A Fair and Balanced Review of King 810’s New Album Memoirs of a Murderer


Look: it’s no secret that we’re not fans of King 810 here at MetalSucks. But for whatever it’s worth, I sat down to listen to the new King 810 album Memoirs of a Murderer with no distractions and an open mind. Maybe I had it all wrong, maybe I’d find something to like, maybe they’d surprise me.

So, let’s start with the good and work our way down. Some pros: “Fat Around the Heart,” the first single, is a fantastic song that’s grown on me since I first heard it. It’s original, it’s catchy, it’s visceral and it hits hard. “Eyes,” a ballad, is easily my second favorite song: it’s also catchy, and I dig the atmospherics, even if the cringe-worthy lyrics read like they’re from a teenage diary.

Neither here nor there: David Gunn’s vocal delivery. I liked it at first — it’s original, I’ll definitely give him that — but after a while it becomes grating because it’s SO dramatic and exaggerated.

And then there’s everything else: Memoirs of a Murderer pretty much sucks. I wasn’t into nu-metal the first time around and I’m not into it now that the nostalgia machine has once again made it acceptable to like.

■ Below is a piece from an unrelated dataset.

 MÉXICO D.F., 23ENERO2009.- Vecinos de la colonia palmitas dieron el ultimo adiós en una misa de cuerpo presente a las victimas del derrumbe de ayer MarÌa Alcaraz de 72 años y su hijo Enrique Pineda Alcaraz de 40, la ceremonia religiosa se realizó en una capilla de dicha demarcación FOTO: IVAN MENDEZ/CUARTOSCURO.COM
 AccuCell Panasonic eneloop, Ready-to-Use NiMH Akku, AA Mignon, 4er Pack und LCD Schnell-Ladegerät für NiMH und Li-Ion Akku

This kind of music feels incredibly tired in 2014, and it wasn’t interesting in 1999 either.

Since I recognize that the “nu-metal sucks herp-a-derp-derp!” argument is worn, let’s dig in a little deeper here.

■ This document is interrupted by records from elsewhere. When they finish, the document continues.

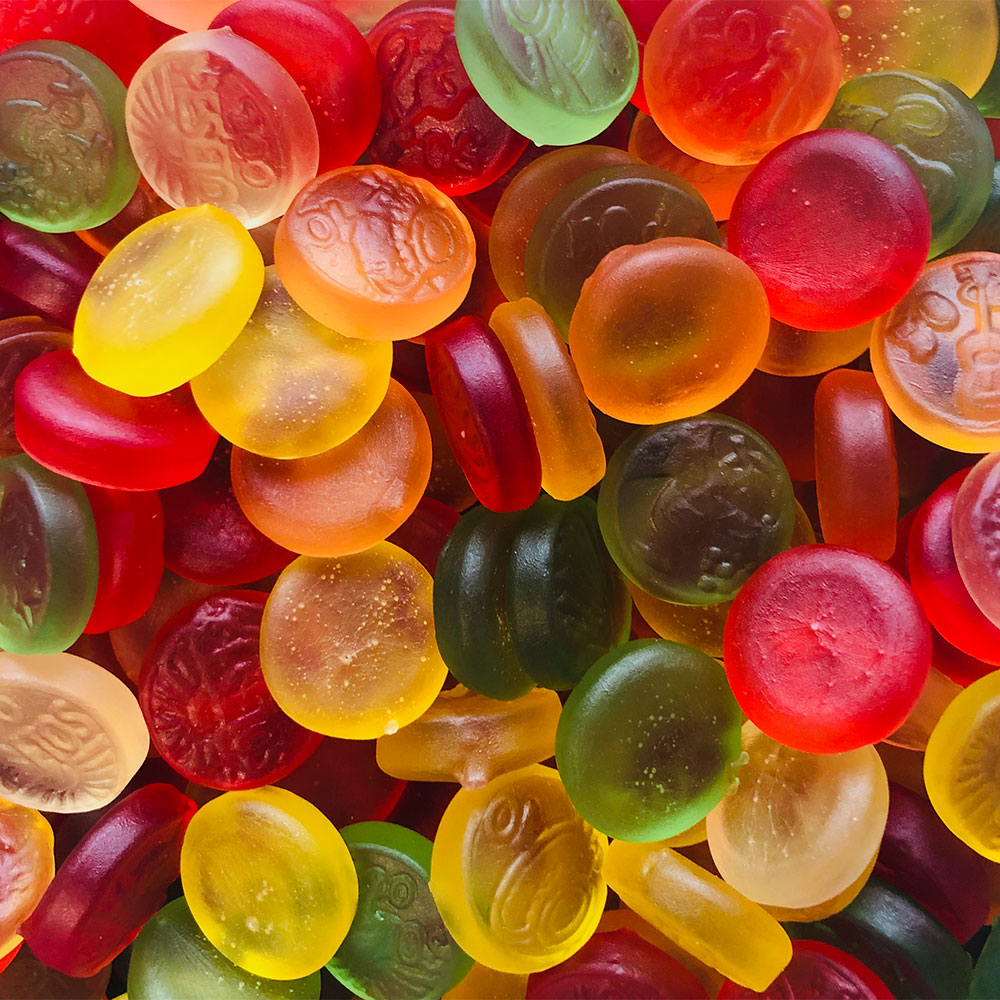 Glukossirap, socker, gelatin, druvsocker, syra: citronsyra, frukt- och grönsakskoncentrat: spirulina alger, safflor, äpple, citron, rädisa, sötpotatis, morot, svarta vinbär, hibiskus, invertsocker, arom, färger: curcumin, karmin, karmin, karmin, karmin, karmin: kokosnöt, palmkärna, ytbehandlingsmedel: bivax vit och gul, karnaubavax. Kan innehålla VETE.
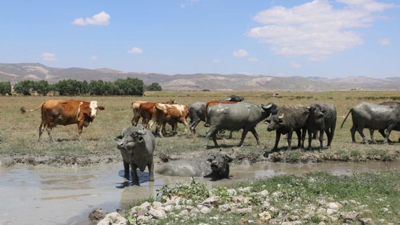 Sivas'ın Şarkışla ilçesine bağlı Merkezhüyük köyünde aşırı sıcaklara dayanamayan mandalar, günün yarısını çamur banyosu yaparak geçiriyor. Diğer büyükbaş hayvanlara göre derileri kalın olan mandalar koyu renkleri ile yaz aylarında sıcak havadan olumsuz etkileniyor. Kırsalda sabah erken saatlerde beslenen mandalar, çamur banyosu yaparak serinliyor. Vücutlarının tamamını çamura bulayan mandalar drone ile havadan görüntülendi.
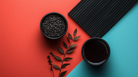 Flat-lay of coffee beans and a cup of brewed coffee on a bold red and teal background, complemented by black accents and artistic arrangement.
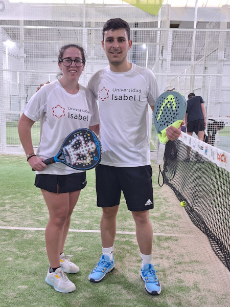 Laia Gasulla y Alfonso Delgado, pareja de pádel mixto que obtuvo la 3º posición en el triangular final. Estudian Grado en Educación Infantil y Máster en Formación del Profesorado.
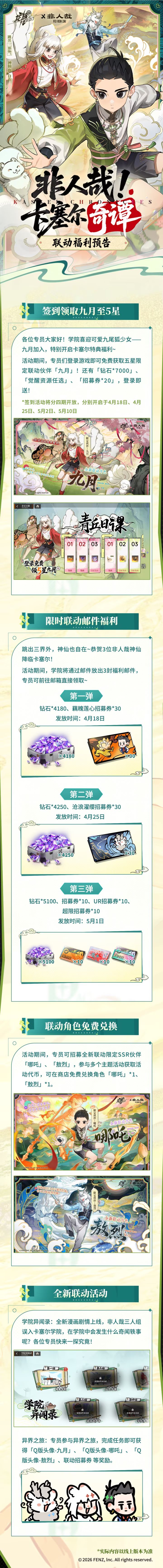 《龙族:卡塞尔之门》x《非人哉》全新联动活动即将于4月18日上线!联动限定SSR伙伴「九月」登录即可免费领取至5星! 卡塞尔学院惊现“龙类”?走近一看,原来“此龙”非“彼龙”。 三位来自异世界的神仙,意外误入学院—— 面瘫少年哪吒,宅女九尾狐九月,茫然龙太子敖烈。 一场乌龙警报就此解除,屠龙现场爆改温馨校园游~ 快来打个招呼吧! “你好,我是哪吒。你喜欢荷花吗?” “西海龙王三太子敖烈在此,
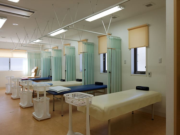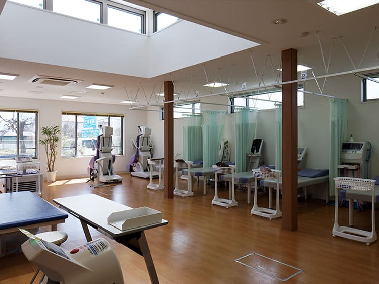 リハビリ室を明るくしたいという貴先生のご要望があったため、待合室と同じように上部吹き抜けにハイサイドライトを設置。吹き抜け部分は天井高5mとなっており、明るく開放感のある空間になりました。利用される患者さんからも「きれいで居心地がいい」という声をいただいています。

From a musical standpoint King 810 don’t really offer very much: these riffs have been played before hundreds of times and these song structures are completely predictable. King 810 play lowest common denominator metal, and I think the average metal fan demands more intelligence out of the music they choose to listen to from the many available options. Simply put, you, metal fan, deserve better. Not that there’s anything inherently wrong with simple music, but when it comes to metal my tastes (and probably yours too) lie elsewhere.

The lyrics throughout Memoirs are laughable. During nu-metal’s first go-round it wasn’t the overly angsty lyrics that bothered me — I’m not much of a lyrics guy anyway — and though I didn’t relate to the “woe is me” theme most of those bands were singing about I didn’t care because, for me, the music itself was the turn-off. King 810 kind of force the point, though, because their lyrical themes are SUCH a central theme to the band’s entire existence and marketing push, and the vocals are WAY up front in the mix — they’re impossible to ignore.

Every single song on this album is about death, dying, fights, self-defense, guns, poverty, etc, often to the point of comical exaggeration. I do believe that [probably] these lyrics are based on the real lives of the band members. But why the need to harp and harp and harp? Surely these men have other things going on in their lives about which they could sing. Unfortunately the tough guy aspect is pretty much all these guys have going for them, which band and label alike recognize and have exploited to the nth degree. I want to hear the music speak for itself — is it good, or is it not? Everything else is secondary. The fact that the tough guy angle is played up so hard here is a turn-off, because a) it feels like it’s over-compensating for the fact that everyone knows the music isn’t really anything special, and b) I cannot relate to the lyrical content at all, whether it’s real or not. Sure, lots of metal bands sing about completely ridiculous shit, way more than these guys! Satanism. Viking warriors. Etc. But those bands play music that speaks for itself, and the lyrics are mostly an afterthought, not the focus like they are with King 810.

If you don’t demand much from the music you listen to, or you can appreciate the novelty aspect of King 810 in an ironic fashion, Memoirs might be the album for you. Otherwise you won’t be missing anything if you skip it.

An earlier version of this incorrectly stated that “Eyes” was an acoustic song that closed the album. That song is “State of Nature.”